In sostanza, si preoccupa solamente di capire se gli verrà riconosciuta la possibilità di leggere così come di prendere ansiolitici per dormire. Anche per tali ragioni, e per questi comportamenti, i suoi pianti non hanno a che fare con il rimorso o con il pentimento. Ma con una sola presa di coscienza: il tempo che dovrà trascorrere dietro le sbarre. Filippo Turetta è perfettamente consapevole che lo aspettano anni di reclusione. Per questo sta cominciando ad organizzare la sua vita da detenuto. Secondo quanto è emerso, nei giorni appena trascorsi, sarebbe apparso tranquillo, avrebbe mangiato e chiesto di poter incontrare i suoi genitori. Un comportamento rassegnato di chi sapeva benissimo cosa volesse: uccidere Giulia. E lo voleva a qualunque prezzo. Anche a quello di trascorrere gli anni più belli della sua vita all’interno di un penitenziario. Perché ciò che davvero gli importava era cancellare chi aveva osato oscurarlo. Aveva provato in tutti i modi a riprendere il controllo su quella ex. Dunque, non essendoci riuscito con l’uso spietato dalla violenza psicologica che esercitava nei suoi confronti con le minacce di uccidersi, ha deciso che era lei a dover morire. In Germania, dopo essere stato fermato dalla polizia stradale una decina di giorni fa, aveva detto: “Ho ucciso la mia fidanzata”. Dove quell’aggettivo incarna alla perfezione il movente.

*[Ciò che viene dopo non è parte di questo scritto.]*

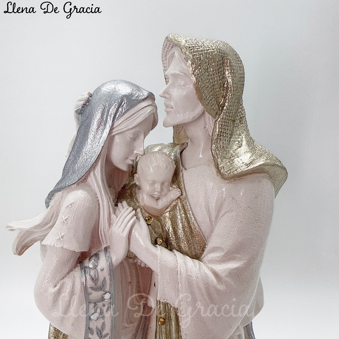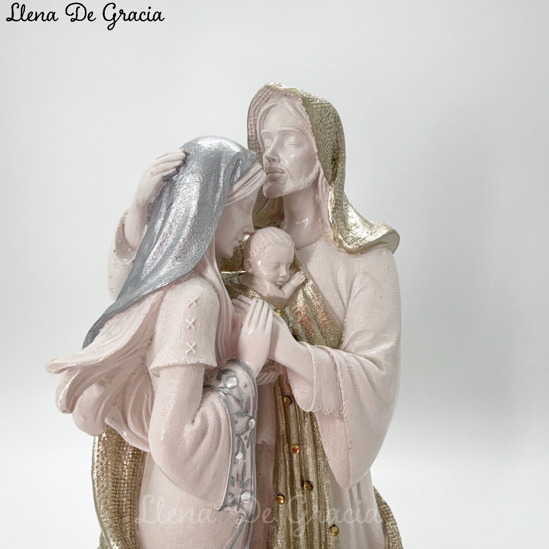 This beautiful image of the Holy Family is finely hand crafted in resin in South America, a piece that stands out for its elegance and devotion. Each figure has been hand-painted, giving it a unique, handcrafted finish full of expression.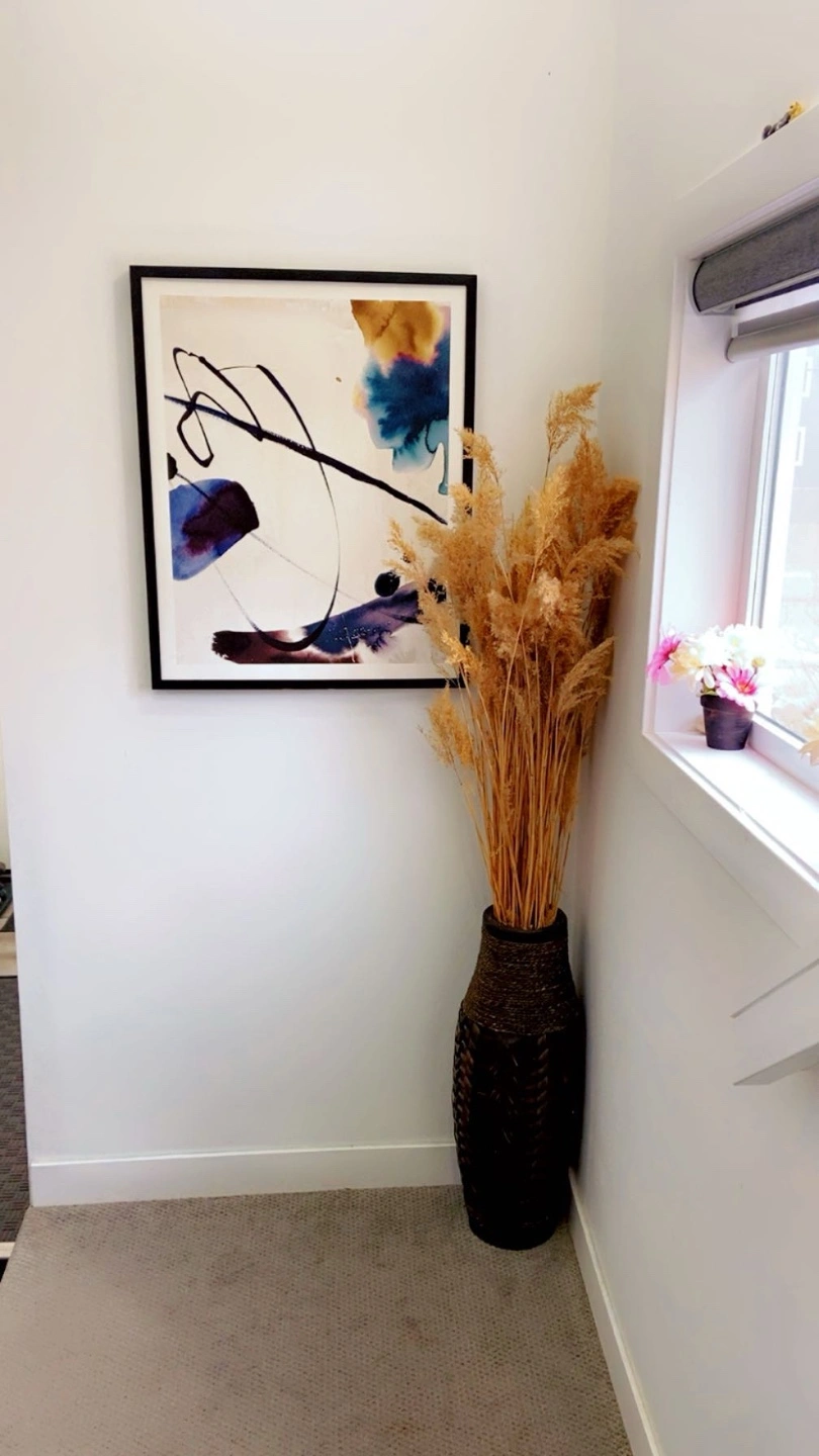 Beautiful abstract framed artwork. Beautiful vase with pampas grass Painting-$ 20 Vase with pampas grass-$35 OR Combo-$50 Moving sale no defects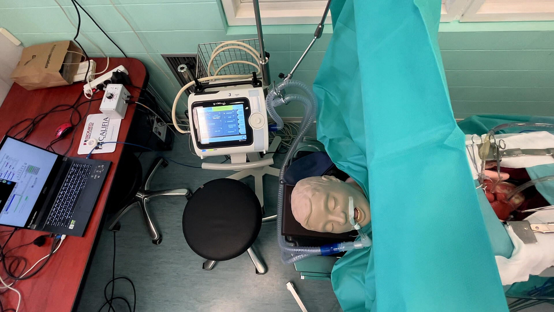 Vybavení místnosti se přitom neliší od běžného operačního sálu, jen na stole leží místo skutečného pacienta figurína vybavená simulační technologií, která dokáže lékařským přístrojům modelovat různé kritické stavy, které mohou při operaci srdce nastat.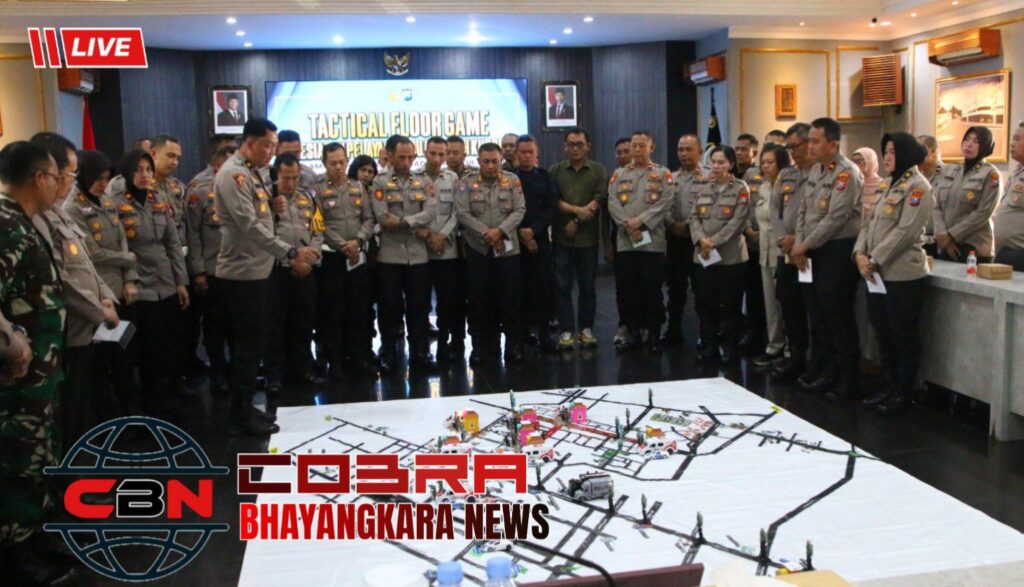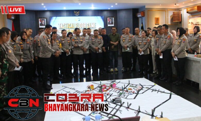 Pada H-1 kegiatan Mujahadah Kubro 1 Abad NU, Kapolresta Malang Kota, Kombes Pol Putu Kholis Aryana didampingi Kabag Ops Kompol Wiwin Rusli memimpin Tactical Floor Game (TFG) di Ballroom Sanika Satyawada, Jumat (06/02/2026).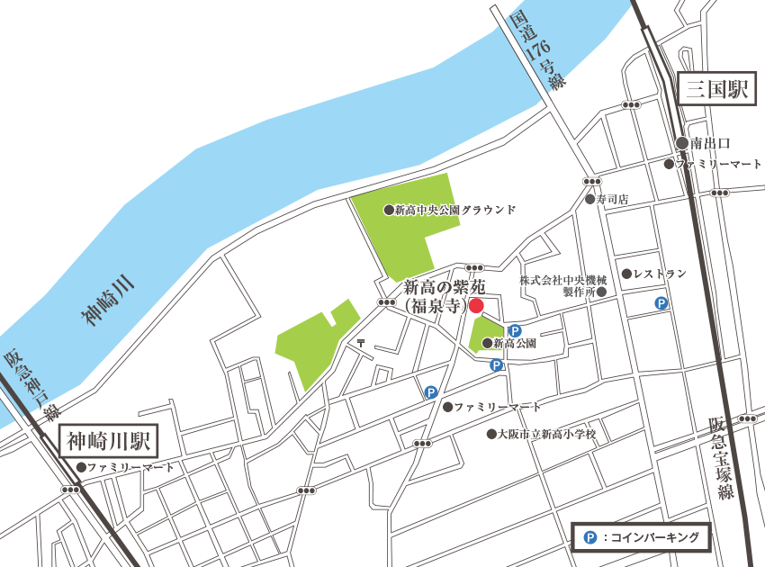 阪急宝塚線 三国駅 南出口より徒歩6分(約450m)、阪急神戸線 神崎川駅 南口より徒歩9分(約700m)2つの路線から徒歩圏内。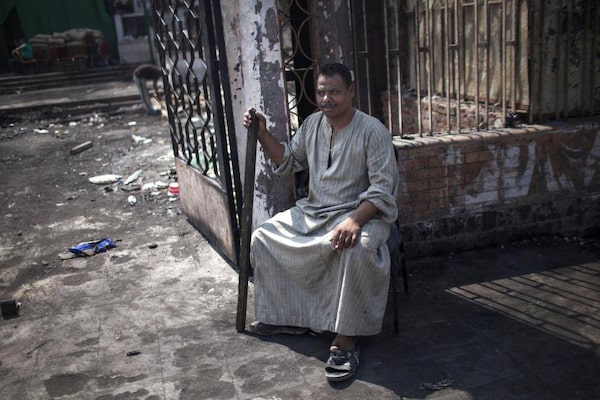 An Egyptian guard sits near the gate of the Rabaah Al-Adawiya mosque in Nasr city, Cairo, Egypt, Wednesday, Aug. 21, 2013.Manu Brabo/The Associated Press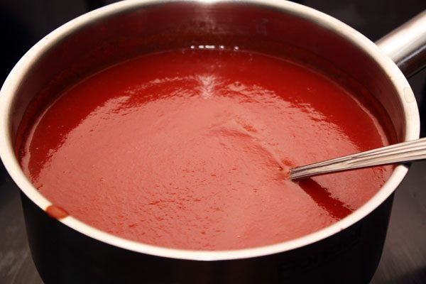В разрезанные пополам помидоры влить 120 мл воды и потушить. Протереть соус через дуршлаг, процедить вместе с образовавшимся во время тушения соком, перелить в чистую кастрюлю и варить до загустения. За 10 минут до готовности добавить толченные грецкие орехи, чеснок, стручковый перец, кориандр и соль.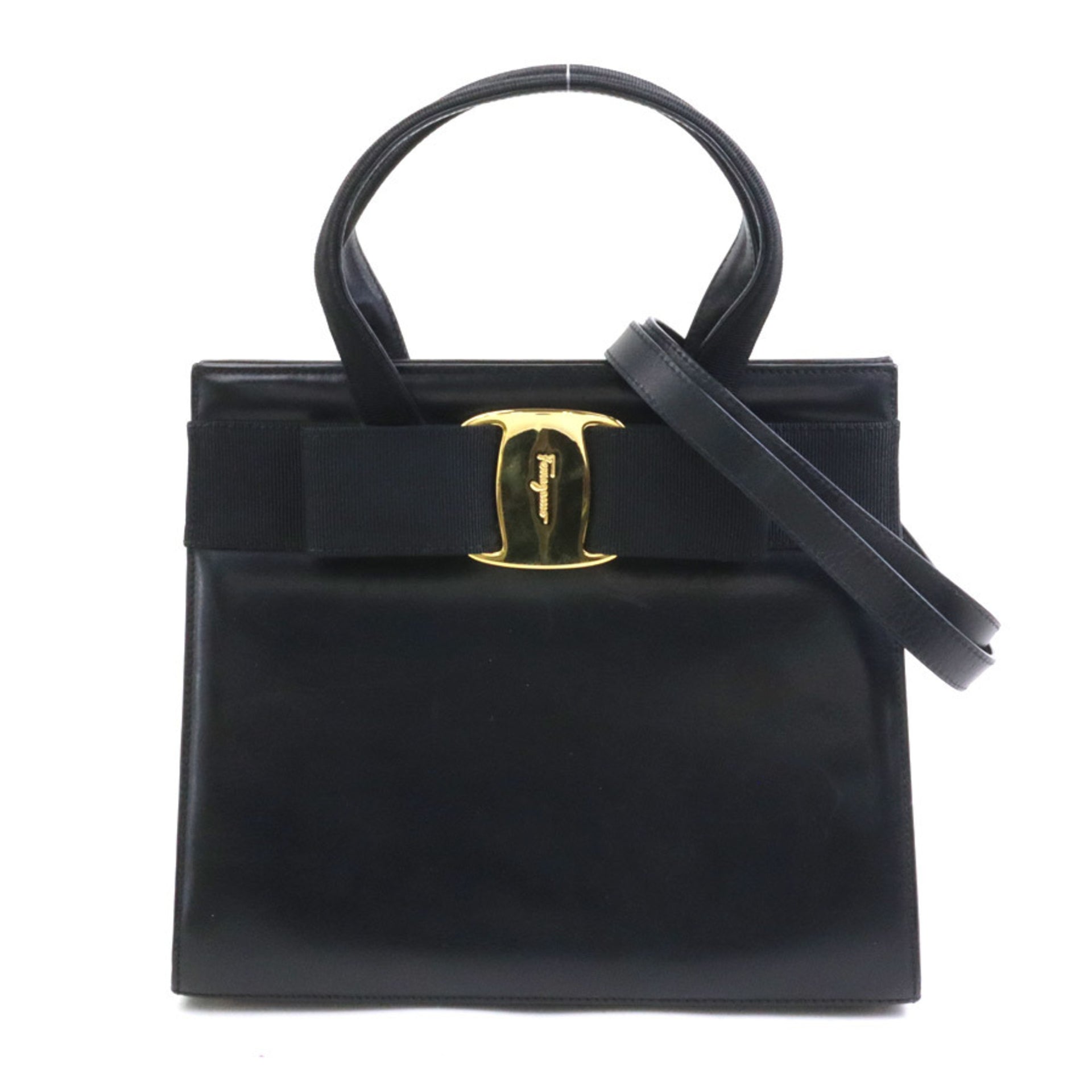 Salvatore Ferragamo Vara Ribbon Leather Handbag/Shoulder Bag, Black, Women\'s, r10746a

Turetta, dopo aver ucciso Giulia, è convinto di aver ripristinato il totale dominio su di lei. Giulia doveva essere sua. Meglio morta, che di qualcun altro. Meglio morta, che un passo avanti a lui. Anche al prezzo di sacrificare la libertà. Filippo Turetta aveva chiaro come avrebbe dovuto agire. Aveva con sé denaro contante per imbastire una fuga poi durata 1000 km. Eppure, la sera in cui ha ucciso Giulia, ha lasciato che fosse lei a pagare la cena. La sua ultima cena. Giulia non poteva certamente avere l’attrezzattura emotiva per comprendere di essere finita in una relazione non solo tossica. Ma anche potenzialmente distruttiva. Lei, che è stata condannata ad un ergastolo senza appelli. E lui che dal carcere chiede di poter vedere i genitori, di studiare. Insomma, rivendica la possibilità di andare avanti nella sua vita. Certo, con modalità del tutto diverse da quelle di un ragazzo con la sua età, ma sicuramente preventivate quando ha maturato la decisione di eliminare Giulia. Che, visto l’epilogo, non avrà nessuna chance di proseguire nel cammino chiamato vita. Lei che aveva ventidue anni e aveva solo voglia di vivere.